* Supplied information
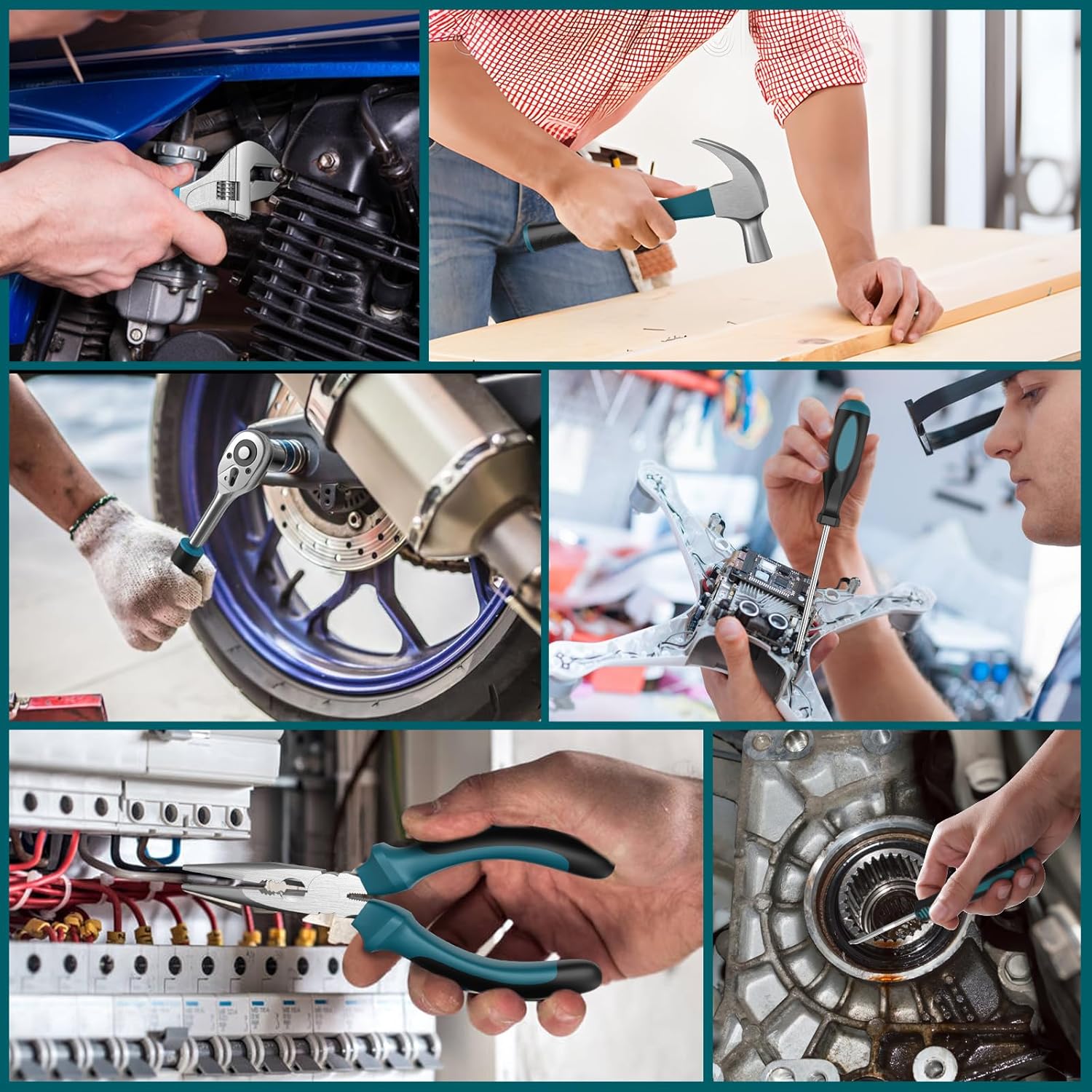 - Umfangreiche Werkzeuge: Dieser Werkzeugkoffer für Haushalt und Kfz-Reparatur enthält die wichtigsten, praktischen Werkzeuge. Der Werkzeugkasten enthält einen Hammer, einen verstellbaren Schraubenschlüssel, eine Spitzzange, ein Massband, einen
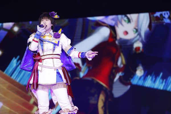 続いて壮厳な前奏と共に現れたのはひびき様こと紫京院ひびき(斎賀みつき)。「純(ピュ)・アモーレ・愛」で圧倒的な歌唱力と存在感を見せつけました。ここでふわり(佐藤あずさ)が再びステージへ。サプライズで新曲「パルプス・ノンフィクション♪」を初披露し、配信を見ているファンからは「パルプスの伊吹を感じる」「さわやか!かわいい!」と喜びのコメントが殺到しました。
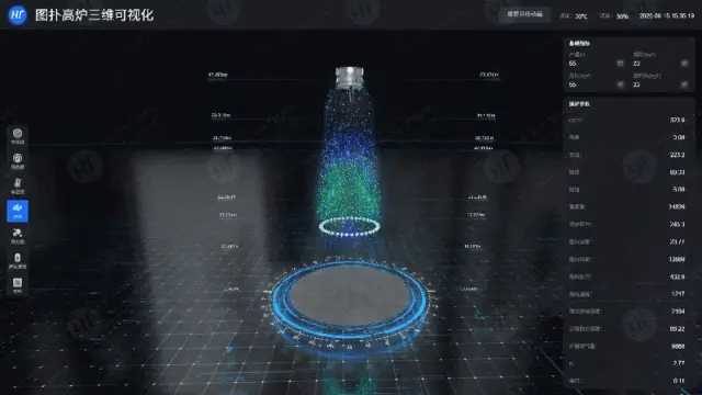 圖撲 HT 三維場景內支持操作人員實時觀察原料從布料器精準拋灑至高爐內部的動態過程,通過 HT 3D 技術清晰追蹤礦石、焦炭等不同原料的落點位置與料層堆積形態,確保原料分佈狀態可實時監控。

* Exercise directions
For this exercise, retype the listing above word for word and omit the pictures.

* Worked solution
 - Umfangreiche Werkzeuge: Dieser Werkzeugkoffer für Haushalt und Kfz-Reparatur enthält die wichtigsten, praktischen Werkzeuge. Der Werkzeugkasten enthält einen Hammer, einen verstellbaren Schraubenschlüssel, eine Spitzzange, ein Massband, einen
 続いて壮厳な前奏と共に現れたのはひびき様こと紫京院ひびき(斎賀みつき)。「純(ピュ)・アモーレ・愛」で圧倒的な歌唱力と存在感を見せつけました。ここでふわり(佐藤あずさ)が再びステージへ。サプライズで新曲「パルプス・ノンフィクション♪」を初披露し、配信を見ているファンからは「パルプスの伊吹を感じる」「さわやか!かわいい!」と喜びのコメントが殺到しました。
 圖撲 HT 三維場景內支持操作人員實時觀察原料從布料器精準拋灑至高爐內部的動態過程,通過 HT 3D 技術清晰追蹤礦石、焦炭等不同原料的落點位置與料層堆積形態,確保原料分佈狀態可實時監控。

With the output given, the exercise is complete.